百メートル程離れた位置で足を止め、半身になり、手に持つ武器を突き出すように構える。
腕は下がったまま。肘も伸ばしきらない。
テレビで見るフェンシングのような……それでいて一息で距離を詰めることに特化したような、そんな構え。
あの中途半端な全身鎧は隙間が多い。
それならば武器の特性も考えれば、刺突で攻めるのが良いことぐらいは俺でも分かる。
それに特化した構えを頭を使わず自然と取ったということは、これがリフィアの経験則と本能によって身体に沁み込ませた中で、ベストの構えだということ。
「なんだ、そんな遠くで構えて。
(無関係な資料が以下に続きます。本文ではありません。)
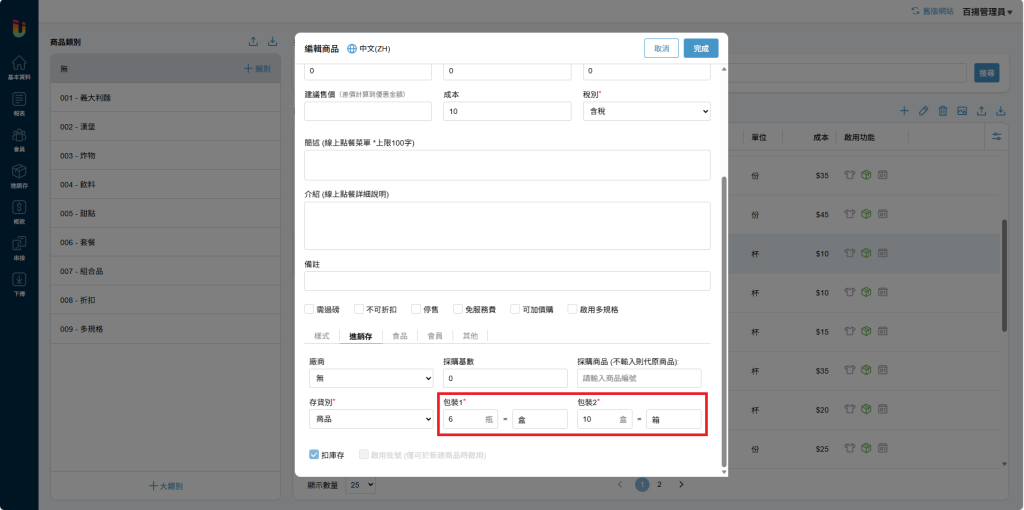 舉例: 可樂為單瓶賣,但進貨時會一次進貨一箱,假設一箱有10盒,一盒有6瓶,則於 [包裝1] 輸入 [6瓶] = [盒],[10盒] = [箱]
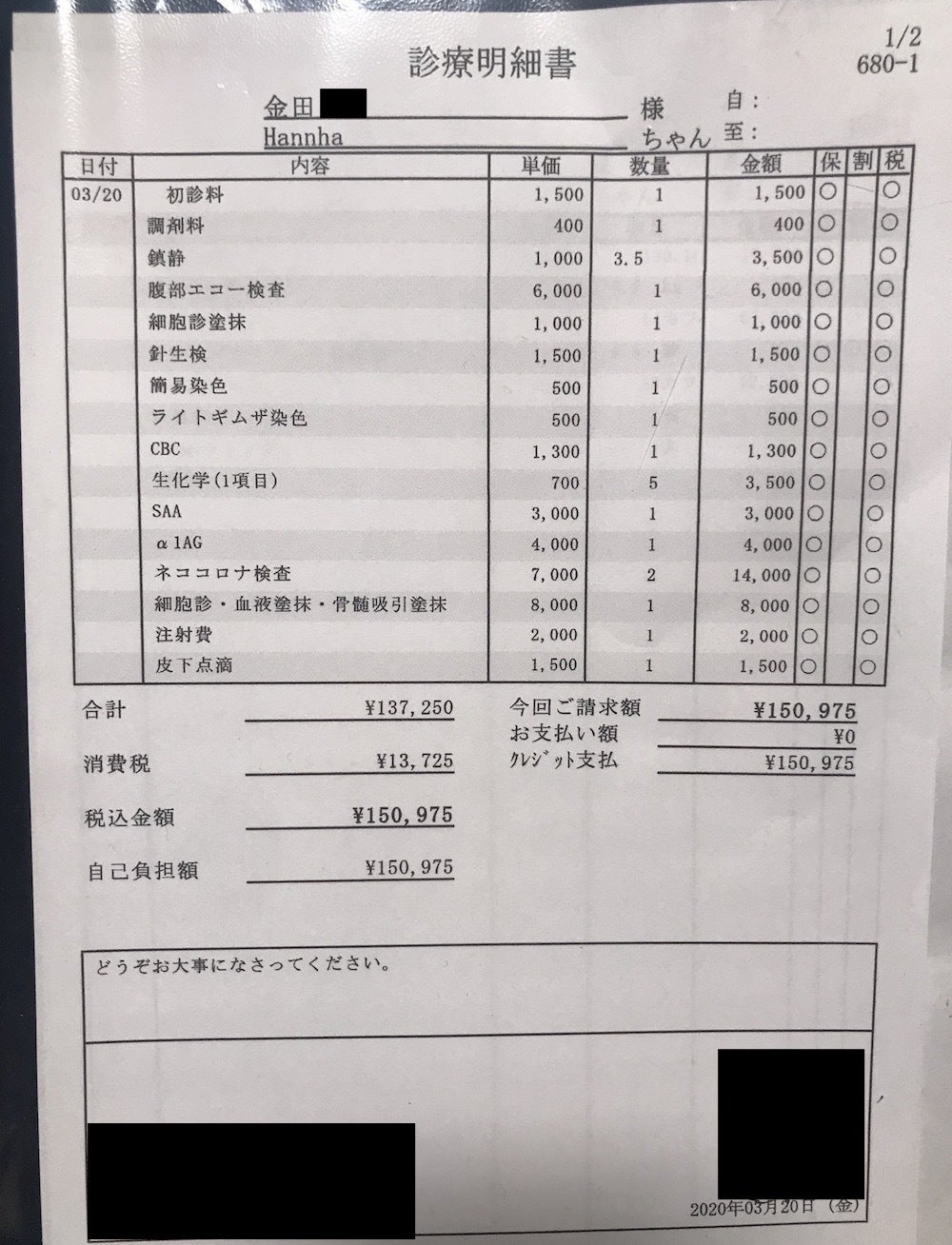 2020/07/17 12:39こんにちは、お久しぶりです。プロジェクト終了後、何も投稿せず皆さんにはご心配をお掛けしてしまったかと思いますが、ハンナは6月11日に無事投薬が終了しました。投薬終了直前に病院で血液検査や外注検査を受けております。特に問題はありませんでした。その後、1ヶ月間観察期間に入りその間は体調の変化がないか気をつけて見守っていきました。そして先日12日に再度、病院に行きFIPが再発していないか最終検査をしました。これはハンナの避妊手術の術前検査も兼ねています。一昨日、外注検査の結果が出て先生から電話があり、肝臓の数値が少し高いけど(ウルソを飲ませることになっています)大きな問題はなかったとのことでした。再発する子のほとんどが投薬後1ヶ月で再発してしまうらしいので、気の抜けない日々でしたが安心しました。ハンナの発情は本人(猫?)にストレスがかかっているように見えるのでなるべく早く手術を受けた方が良いだろうと家族、先生の意見が一致したので来週に実施することになりました。ここに辿り着けるまで本当に長い道のりでした。本当に皆様のおかげです。投薬終了直前(6/7)に行った検査結果と明細書7/12の明細書活動報告ですが今回の投稿を最後に終了させて頂きます。あまり活動報告を更新できませんでしたが、ご理解いただけますと幸いです。今後、ハンナとサミーの日常的な様子はインスタグラムで不定期に投稿していきたいと思います。また、リターンの件ですが少し予定より発送が遅れています。申し訳ありませんが、気長に待っていただけますと幸いです。手紙やメールを送っていますが、返ってきてしまった方が数名いらっしゃいます。そちらの方にはできる限り別の方法でご連絡させて頂きます。数ヶ月間、ハンナを応援してくださり本当にありがとうございました。沢山の励ましを頂き、ハンナだけではなく家族全員が支えられました。新薬MUTIANが国に認可され、全国のFIPの子たちみんなが治療を受けられますように。金田 もっと見るリターンのサンプル
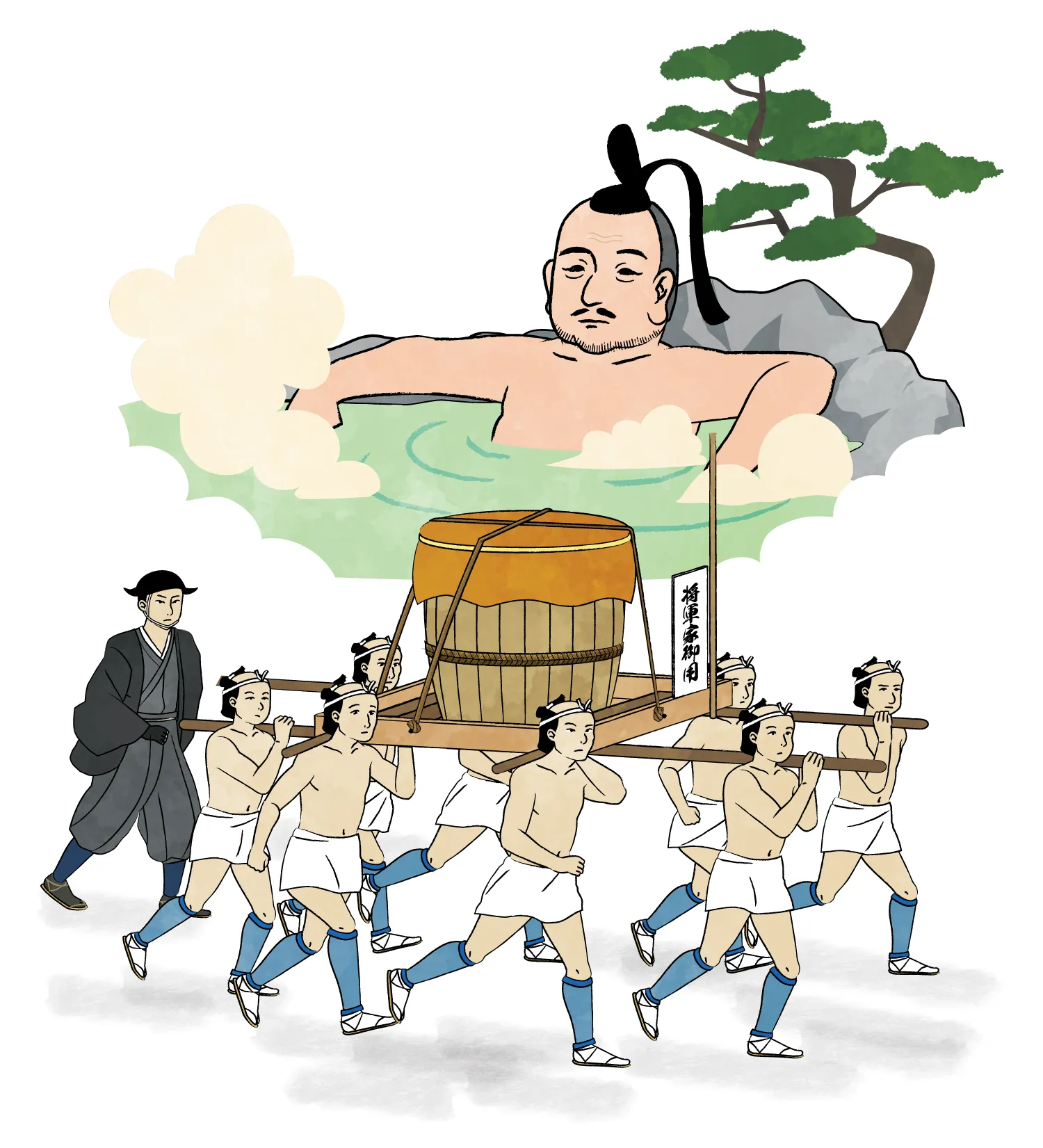 100度近い大湯の源泉を、木の香立つ檜の桶に汲み入れ、人足が樽を担いで、江戸城までの28里(約110キロ)の道のりを昼夜兼行で走ったそうです。
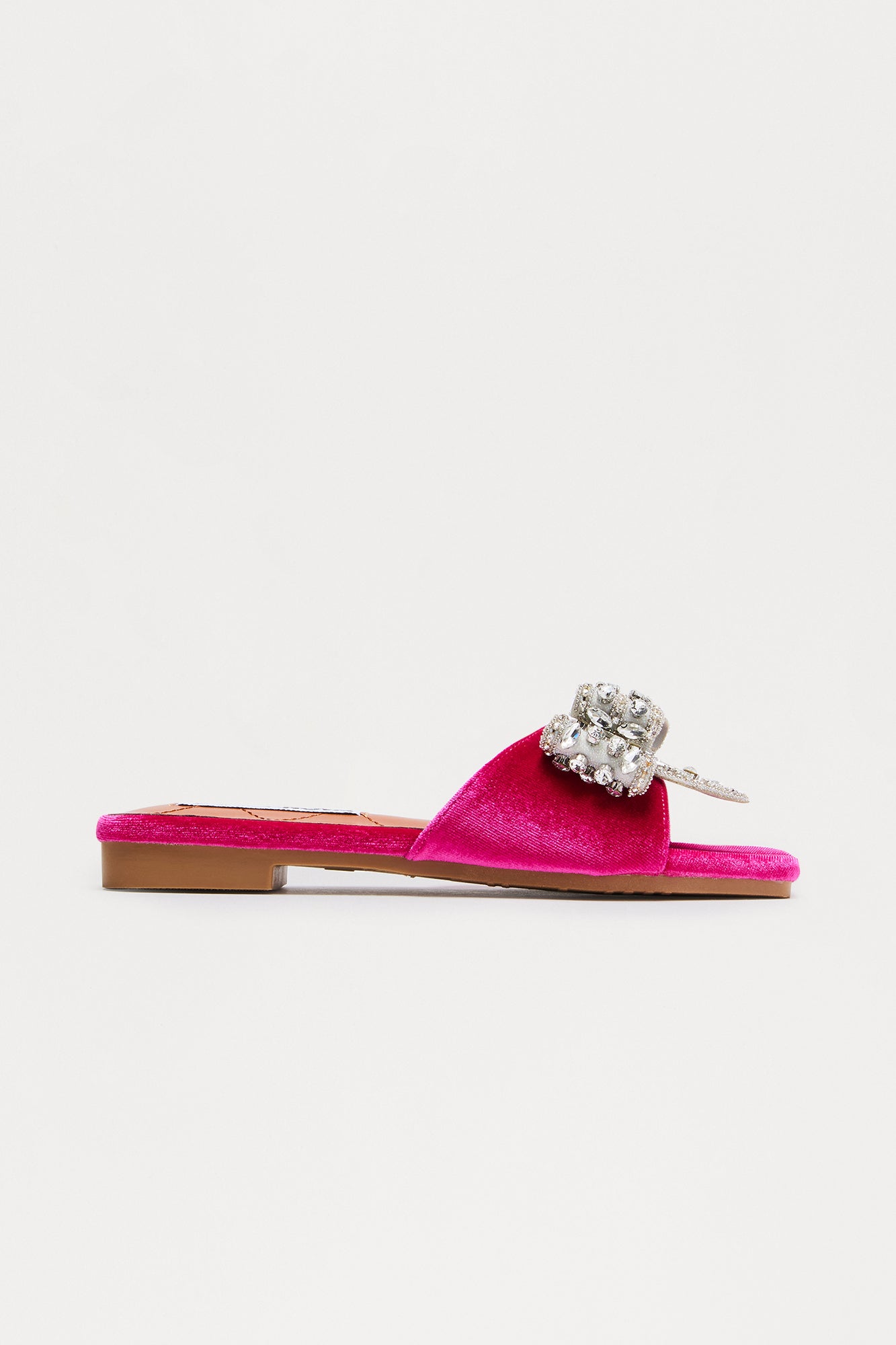 Ribbona Rhinestone Velvet Sandals - Pink

ま、俺の武器を見ていたら当たり前か」
自慢げに、腰にぶら下げていた剣をベルトから鞘ごと外し、勿体ぶるようにゆっくりと抜いていく。
広い両刃の長剣だった。
嫌味ながらもこの貴族様は長身なので、腰に引っ掛けていても地面をこすらなかったのだろう。もし本来の俺だったなら背中に背負わなければみっともないことになっていた。
しかし、腰に差したまま鞘から抜くことは出来ないから、そうして腰から外して剣を抜いている。……格好つけているのも兼ねているのは間違いないが。
なんでただ剣を抜くだけであんな自慢げな表情を浮かべられるのか。
今襲いかかっても良いのだろうか? 今すっごいリフィアの衝動を抑え込んでる状態なんだけど……実戦形式って話だし、そうして油断してゆっくりと剣を抜いている時点で普通なら良いだろうが……まあ、そこは様式美ってやつか。
変身シーンで攻撃してはいけない、的な。
「ふっ、待たせたな」
「そうでもないさ」
鞘から抜き、その鞘を投げ捨て――
「ま、貴族たる俺を待ったことは褒めてやろう。……だが――」
――その音が地面を鳴らすと同時、俺の太ももに激痛が走った。
「いっ……!」
「――勝負は実戦形式と言ったはずだぞ?」
痛みが走った右脚を見ると……そこには一本の矢が、深々と貫き刺さっていた。